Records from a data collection
== Segment start ==

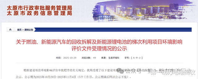 第一动力电池回收消息,近日,山西省太原市行政审批服务管理局正式对外公示了《山西环擎再生资源利用有限公司新能源锂电池的梯次利用项目》的环境影响评价文件受理情况,标志着这一绿色转型的重要一步即将落地实施。该项目总投资高达7600.96万元,选址于太原市清徐县清徐经济开发区内的高端装备制造产业区,旨在通过先进的技术手段实现废旧汽车动力电池的有效回收与再利用,为新能源汽车产业的可持续发展注入强劲动力。
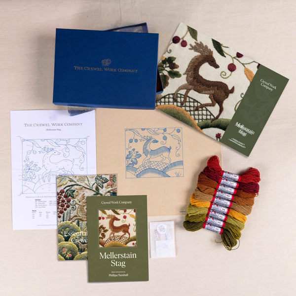 Embrace the stately elegance of the Mellerstain Stag Kit. Created with newcomers to crewel embroidery in mind, this classic Jacobean-inspired design is great for newcomers to crewel work and those looking for a smaller design to complete.
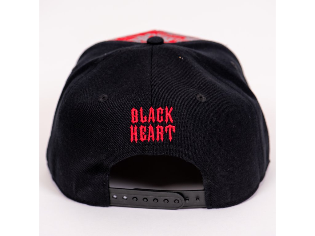 Kšiltovka BLACK HEART je skvělým módním i funkčním doplňkem pro každý den. Tento snapback skvěle doplní Váš outfit a zároveň kšilt bezpečně ochrání před slunečními paprsky. Slunce už Vás tak při letních radovánkách nebude nijak omezovat. Vyzdvižené čelo s nastavitelným obvodem jsou záruka toho, že čepice sedne opravdu každému. Kšiltovka je vyrobena z kvalitního materiálu, který zaručuje dokonalý komfort při nošení.
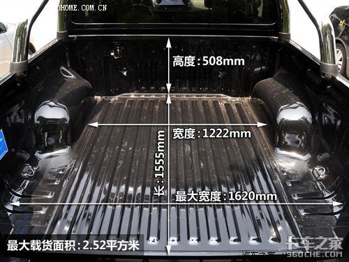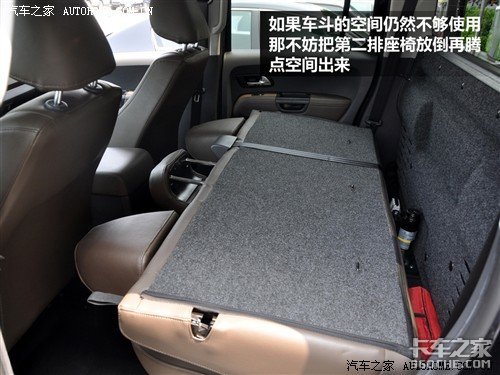虽然为了迁就后轮,车斗上有两个凸起的地方,但达到2.52平方米的最大载货面积相信已经足够你使用了。如果还觉得不足够,那不妨把第二排座椅放倒再腾出一些空间来。不过我相信你的货物数量也不至于如此庞大吧?
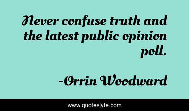 This page presents the quote "Never confuse truth and the latest public opinion poll.". Author of this quote is Orrin Woodward. This quote is about public-opinion, think, truth,.
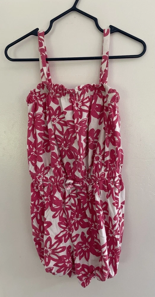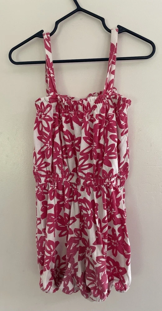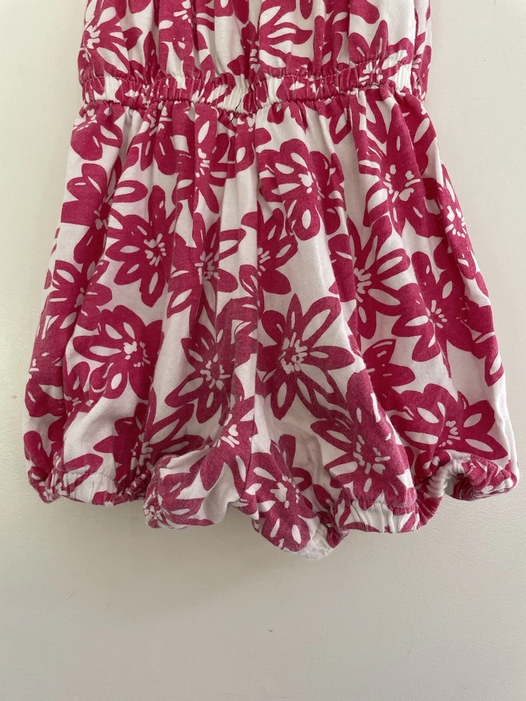 baby Gap Kids Girls Pink Floral Cinched Waist Sleeveless Tank Romper White 5 Yrs

== Segment end ==

→ **Exercise aim**
Each of the lines above should be transcribed exactly; no image is to be copied.

→ **Task result**
 第一动力电池回收消息,近日,山西省太原市行政审批服务管理局正式对外公示了《山西环擎再生资源利用有限公司新能源锂电池的梯次利用项目》的环境影响评价文件受理情况,标志着这一绿色转型的重要一步即将落地实施。该项目总投资高达7600.96万元,选址于太原市清徐县清徐经济开发区内的高端装备制造产业区,旨在通过先进的技术手段实现废旧汽车动力电池的有效回收与再利用,为新能源汽车产业的可持续发展注入强劲动力。
 Embrace the stately elegance of the Mellerstain Stag Kit. Created with newcomers to crewel embroidery in mind, this classic Jacobean-inspired design is great for newcomers to crewel work and those looking for a smaller design to complete.
 Kšiltovka BLACK HEART je skvělým módním i funkčním doplňkem pro každý den. Tento snapback skvěle doplní Váš outfit a zároveň kšilt bezpečně ochrání před slunečními paprsky. Slunce už Vás tak při letních radovánkách nebude nijak omezovat. Vyzdvižené čelo s nastavitelným obvodem jsou záruka toho, že čepice sedne opravdu každému. Kšiltovka je vyrobena z kvalitního materiálu, který zaručuje dokonalý komfort při nošení.
虽然为了迁就后轮,车斗上有两个凸起的地方,但达到2.52平方米的最大载货面积相信已经足够你使用了。如果还觉得不足够,那不妨把第二排座椅放倒再腾出一些空间来。不过我相信你的货物数量也不至于如此庞大吧?
 This page presents the quote "Never confuse truth and the latest public opinion poll.". Author of this quote is Orrin Woodward. This quote is about public-opinion, think, truth,.
 baby Gap Kids Girls Pink Floral Cinched Waist Sleeveless Tank Romper White 5 Yrs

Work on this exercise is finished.